I come from a conservative family, and I went to a small Catholic high school, and it wasn't until college that I started to think about my own political beliefs. Life at Fordham was so much different than the environment I knew at home. Jokes that I heard my dad say every day were suddenly very problematic, and I needed to rethink the way I was living my life and what I considered acceptable.
At first, I started forming an opinion because I felt like I had to conform to the society around me. I never cared about politics, and I didn't want to start now. But, after a while, I started to defend an opinion that I truly cared about. To my family's despair, my views developed to be in stark contrast to theirs.
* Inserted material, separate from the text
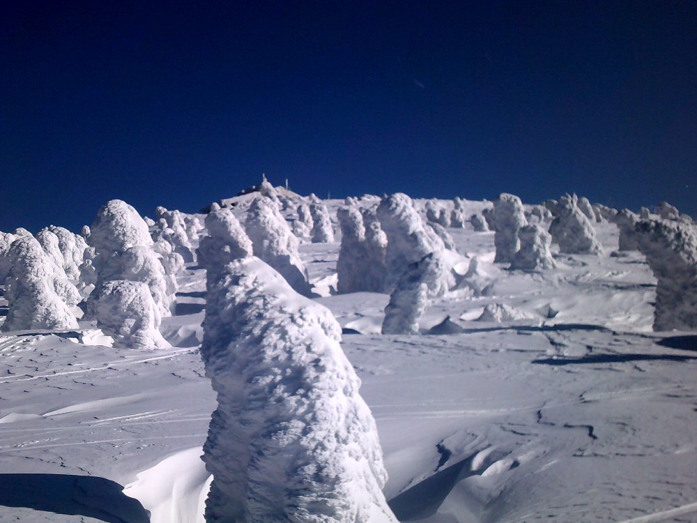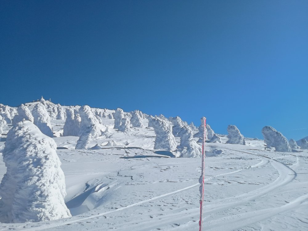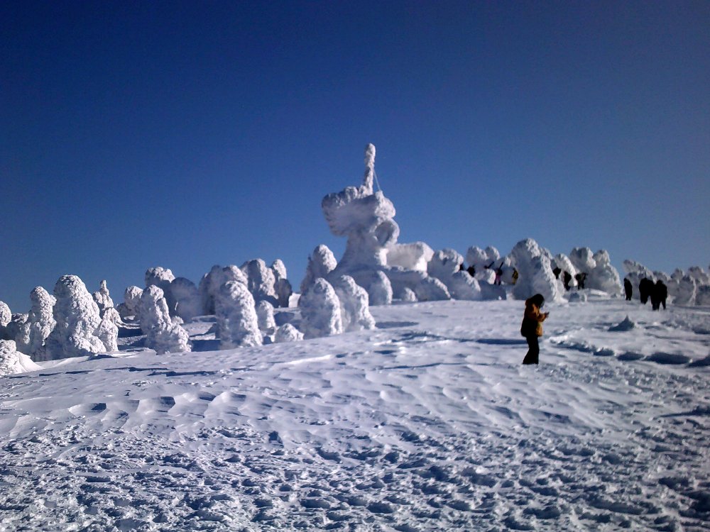 暦の上では春かも知れませんが、中腹より樹氷(スノーモンスター)があって、ここは真冬の様相です。

Whenever I go home, they tell me that this "liberal garbage" is just a phase I'm going through in college. They say that I'm being negatively influenced by my friends and that these developing beliefs are going to get me into trouble in the future — that I need to be more careful about how I present myself and my political views on social media.
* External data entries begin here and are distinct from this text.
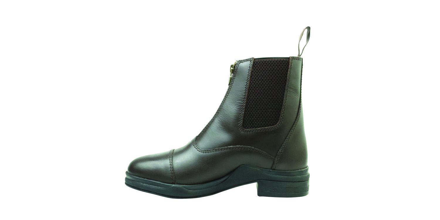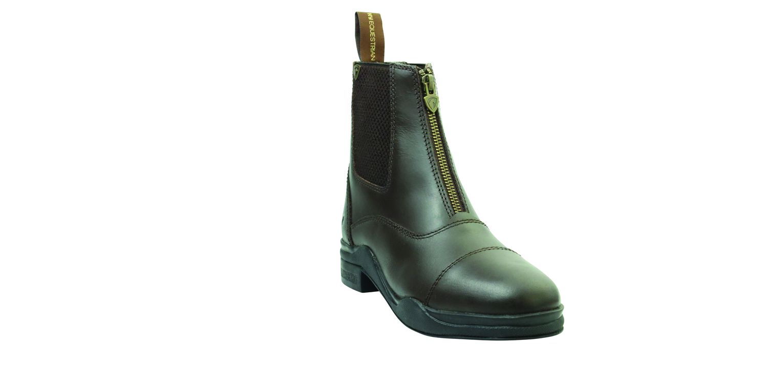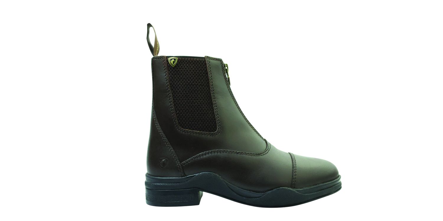 A zip fronted wax leather jodhpur boot. This boot boasts a leather upper made from calf leather to make it suppler and incredibly comfortable. TPR sole composition with synthetic lining. Elasticated side gussets. All boots come with easy to display packaging to help create an eye-catching retail display.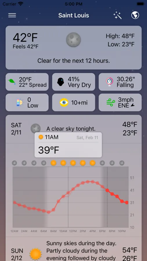 - Tap again to see rich, interactive charts of even more details like dew point, pressure, visibility, UV index and more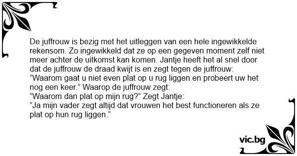 ”Waarom gaat u niet even plat op u rug liggen en probeert uw het nog een keer.” Waarop de juffrouw zegt: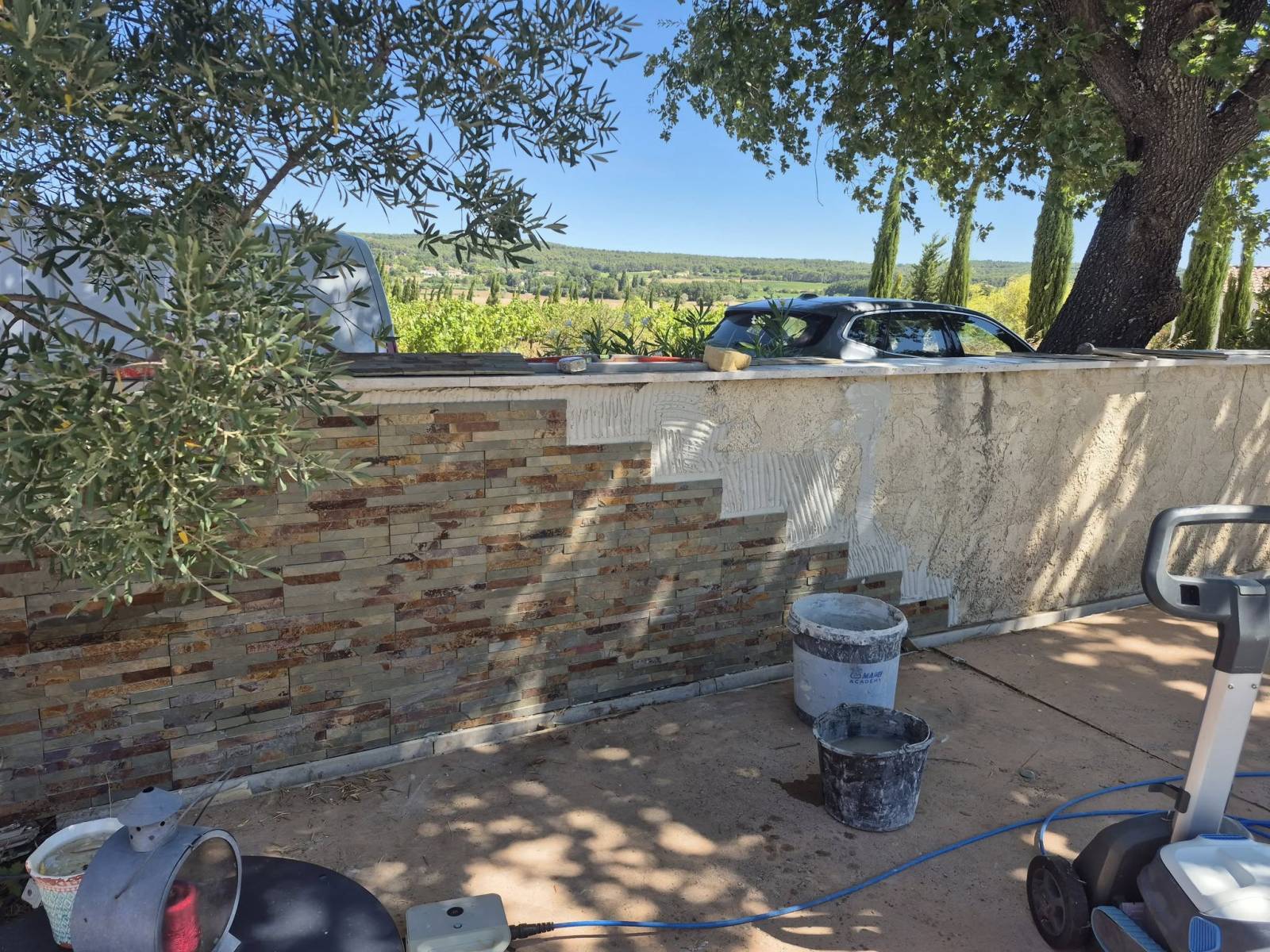 La pose de pierres de parement permet de garder la structure existante et offre une grande variété de coloris, de tailles et de motifs.

Sometimes, I wonder if they're right. I wonder if I'm really hurting my reputation with this transition. Should I be worried about my future because of my newfound beliefs?
It's hard to agree with my parents, though, because I'm surrounded by people who perpetuate liberal ideals at college — and just because I've come to agree with them doesn't mean that I've been deceived or taken to this "dark side" that my family is worried about. I've just finally formed an opinion that I'm confident in supporting.
But I still can't deny the fact that I spent 18 years in a Republican household. Racism and homophobia didn't always affect or offend me as much as everyone else — I was used to hearing it all the time.
College has made me very mindful of sensitivity, and I'm working every day to become more educated about marginalized groups. However, I still make mistakes — we all do. I don't always realize what is and is not problematic, these are wounds that I'm still patching from my upbringing. I learn by making mistakes, but these mistakes have been used as weapons against me.
When I mess up, I've had people snap at me, and that's not productive. I'm trying to become a more empathetic person, and, at the same time, I'm trying to expose my family to a new point of view. Hearing from two different extremes all the time is stressful, but I continue to try my best. I form opinions every day, and, although it's difficult, I'm lucky to have so many different perspectives in my life.
This transition isn't an easy process, and change doesn't happen overnight. Mistakes should be viewed as a platform for learning, not as an opportunity for further attacks. We can only progress toward a more accepting world if we work together and understand each other's efforts and points of view.